Incubator CEO fled law career for high tech

Esther Barak-Landes left a promising law career to found Nielsen's incubator.

Esther Barak-Landes (48) is one of the few women at the top of Israel's venture capital industry. Six months ago, she became the first CEO of an Israeli high tech incubator, Nielsen Innovate, established by global research company Nielsen Holdings NV (NYSE: NLSN), which has more than $5 billion in annual revenue. Nielsen Innovate has NIS 100 million. Nielsen's partners in the incubator are Igal Ahouvi, Ron Lauder, and his associates former Citigroup and Time Warner chairman Richard Parsons, and former Estee Lauder chairman and CEO Fred Langhammer.

"The connection with Nielsen was established when I met Nielsen EVP Itzhak Fisher. The meeting was for a completely different business matter, but the subject of technology incubators came up. That is how the partnership was formed," Barak-Landes told "Globes" in an exclusive interview.

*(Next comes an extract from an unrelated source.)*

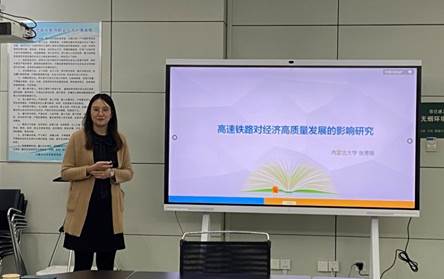 2021年10月21日下午,公司举办第一百二十八期“内大经管知行讲坛”,公司经济学系张雪薇博士作了题为“高速铁路对经济高质量发展的影响研究”的学术报告,会议由经济学系系主任崔新蕾副教授主持,公司相关专业的老师、员工参加了会议。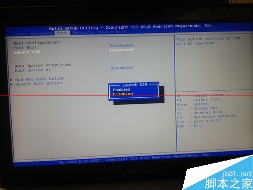 4、通過方向鍵選擇【Lunch CSM】選項,將其設定為“Enabled”3.點擊F10保存設置,重啟系統。

"I am the first woman in Israel to set up an incubator with a foreign company. This was something new on the Israeli scene. The logic was that Israel has a lot of innovation and many entrepreneurs. Just last year, 900 new companies were founded, of which 600 raised money. The whole world is now very interested in our model. I get calls every week, and organizations interested in the program visit us. It's no small thing."

I had guts

Barak-Landes's career began in law, in the footsteps of her father, former President of the Supreme Court Judge Emeritus Aharon Barak, and her mother, National Labor Court Vice President Elisheva Barak. After completing law school and an internship at the Supreme Court, she joined the firm Kantor Elhanani Tal & Co. Advocates, where she handled major deals. Nine years later, she decided to go into high tech, and joined the start-up CashU Ltd.

"Globes": Why did you decide to leave the firm?>

Barak-Landes: "I felt that this was not me, to fight in the courts. I wanted to stop fighting and start making win-win deals. I also wanted to be on the side of the decision-makers, to be a big part of the enterprise, and not just on the side of the consultant.

"When I left the law in favor of high tech, I felt a great sense of relief. I suddenly felt how nice it was to go to meetings without people looking at me and thinking of my family. It slowly dawned on me, and it seemed like a great weight was lifted from me. I suddenly created a completely independent niche. Suddenly, my successes were measured without any connection to my family background."

Why high tech?

"As a lawyer, I was always drawn to legal aspects. High tech fascinated me because it sets the future. I entered it completely by chance. A friend had just received an offer that she had to refuse, told the entrepreneurs to call me, and they offered me a job at their start-up. It was brave of them to add a lawyer with no technology experience to their journey. I also had the courage to see the transition as a kind of adventure. My years there were a gift. They had good people who gave me an opportunity, I learned from the shop floor how to build a start-up.

After three years, I went to study for an MBA, where I met my next partners in the Israel Angels club, where we located ventures and showed them to angel investors. Igal Ahouvi was one of these investors, and I ultimately found myself working with him in his company Partam Hi-Tech. that was in 2006, and I invested in ventures under Ahouvi's hat and his resources."

What did you learn from him?

"He is a man who goes into the small details, deals thoroughly with every number and figure, but still goes with his gut. He is a people man with a broad and deep business perspective, but also intuitive. He gave me a base to learn about the industry, to play in the world of high tech. When the economic crisis erupted, we slowed investments and focused on managing the portfolio. In 2010, we resumed investments and also began to think about the incubator model."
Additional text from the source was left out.